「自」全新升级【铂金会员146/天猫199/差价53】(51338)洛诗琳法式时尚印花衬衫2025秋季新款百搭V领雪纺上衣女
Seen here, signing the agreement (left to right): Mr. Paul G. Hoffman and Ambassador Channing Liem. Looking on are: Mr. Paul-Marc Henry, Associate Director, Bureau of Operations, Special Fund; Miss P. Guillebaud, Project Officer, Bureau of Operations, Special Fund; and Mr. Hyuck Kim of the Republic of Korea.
* * *
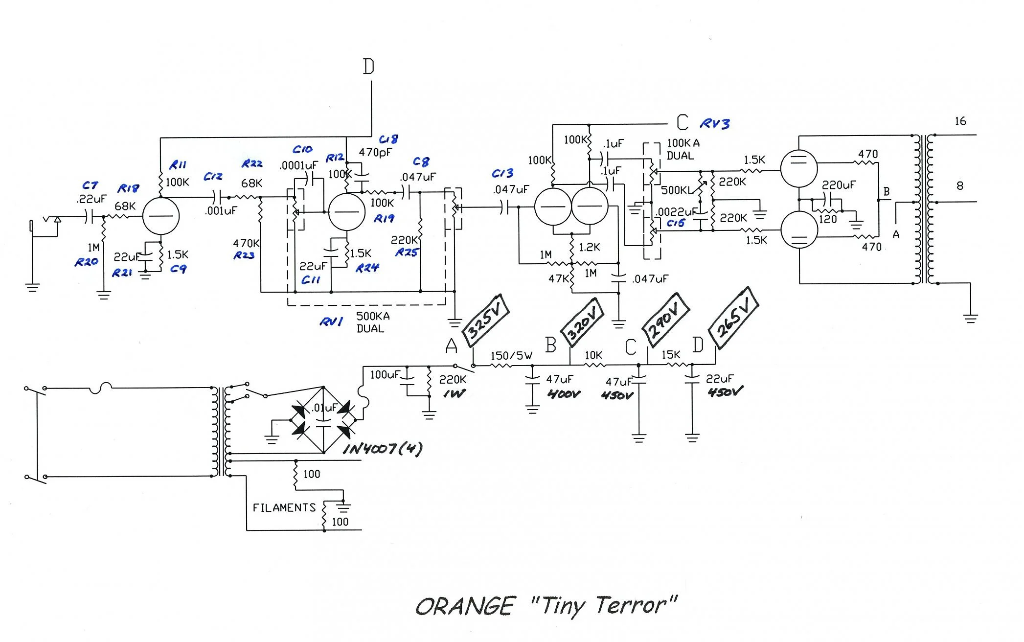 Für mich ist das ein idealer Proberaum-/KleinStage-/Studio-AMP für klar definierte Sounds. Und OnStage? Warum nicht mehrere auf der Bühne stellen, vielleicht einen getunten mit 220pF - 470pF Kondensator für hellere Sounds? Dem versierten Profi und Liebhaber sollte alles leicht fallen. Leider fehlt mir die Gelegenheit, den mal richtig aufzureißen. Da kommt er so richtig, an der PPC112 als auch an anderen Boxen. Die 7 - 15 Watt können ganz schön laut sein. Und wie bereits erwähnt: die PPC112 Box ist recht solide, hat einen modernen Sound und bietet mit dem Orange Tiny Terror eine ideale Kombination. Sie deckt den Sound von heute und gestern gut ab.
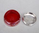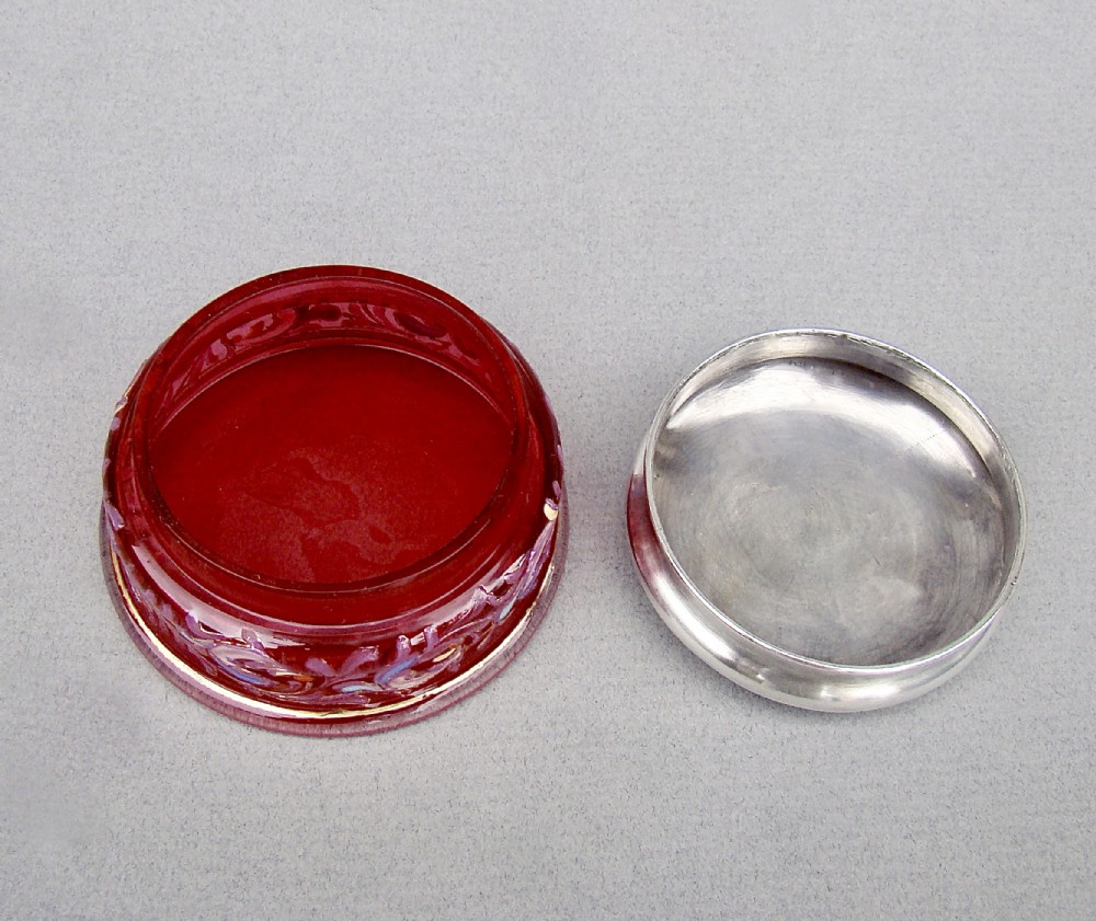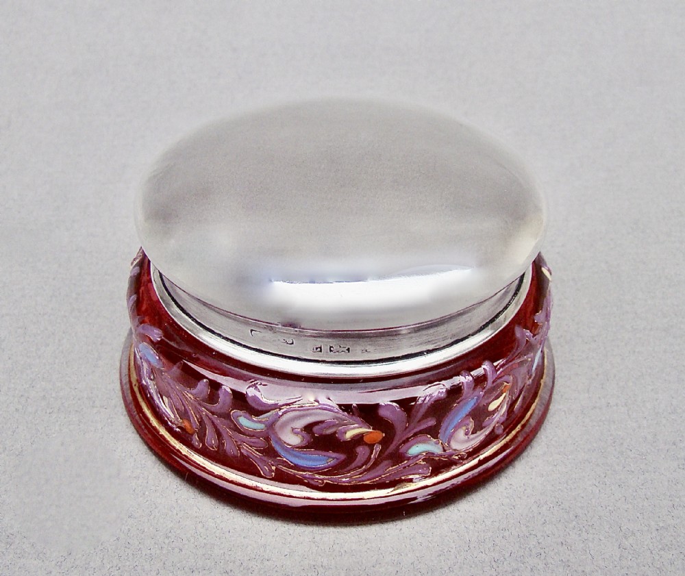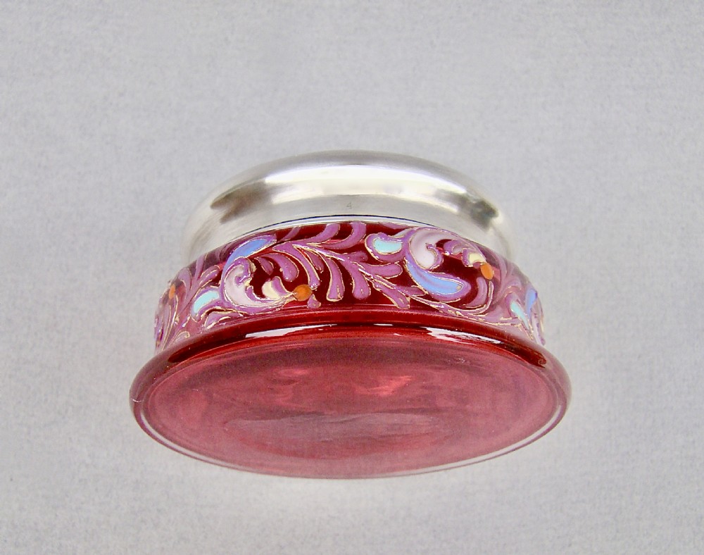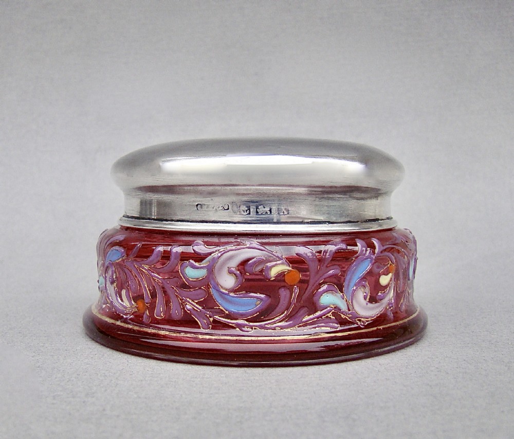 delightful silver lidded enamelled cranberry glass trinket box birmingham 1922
...
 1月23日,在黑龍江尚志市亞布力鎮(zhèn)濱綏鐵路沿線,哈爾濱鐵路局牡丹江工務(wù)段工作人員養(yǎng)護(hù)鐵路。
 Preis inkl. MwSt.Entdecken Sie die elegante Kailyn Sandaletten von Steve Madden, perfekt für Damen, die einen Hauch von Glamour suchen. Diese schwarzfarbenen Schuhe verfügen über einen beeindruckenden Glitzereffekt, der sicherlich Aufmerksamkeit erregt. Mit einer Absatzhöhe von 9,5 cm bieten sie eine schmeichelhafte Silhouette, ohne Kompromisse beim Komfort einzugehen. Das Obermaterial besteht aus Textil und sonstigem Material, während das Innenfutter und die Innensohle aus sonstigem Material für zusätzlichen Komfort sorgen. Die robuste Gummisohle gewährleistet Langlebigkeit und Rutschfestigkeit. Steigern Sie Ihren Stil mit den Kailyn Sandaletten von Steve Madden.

* [WHAT IS REQUIRED]: Among the records above, repeat exactly the line with "1月23日,在黑龍江尚志市亞", the line with "Preis inkl. MwSt.Entdecken", and every line in between, and only those.

* [THE COMPLETED TASK]:
 1月23日,在黑龍江尚志市亞布力鎮(zhèn)濱綏鐵路沿線,哈爾濱鐵路局牡丹江工務(wù)段工作人員養(yǎng)護(hù)鐵路。
 Preis inkl. MwSt.Entdecken Sie die elegante Kailyn Sandaletten von Steve Madden, perfekt für Damen, die einen Hauch von Glamour suchen. Diese schwarzfarbenen Schuhe verfügen über einen beeindruckenden Glitzereffekt, der sicherlich Aufmerksamkeit erregt. Mit einer Absatzhöhe von 9,5 cm bieten sie eine schmeichelhafte Silhouette, ohne Kompromisse beim Komfort einzugehen. Das Obermaterial besteht aus Textil und sonstigem Material, während das Innenfutter und die Innensohle aus sonstigem Material für zusätzlichen Komfort sorgen. Die robuste Gummisohle gewährleistet Langlebigkeit und Rutschfestigkeit. Steigern Sie Ihren Stil mit den Kailyn Sandaletten von Steve Madden.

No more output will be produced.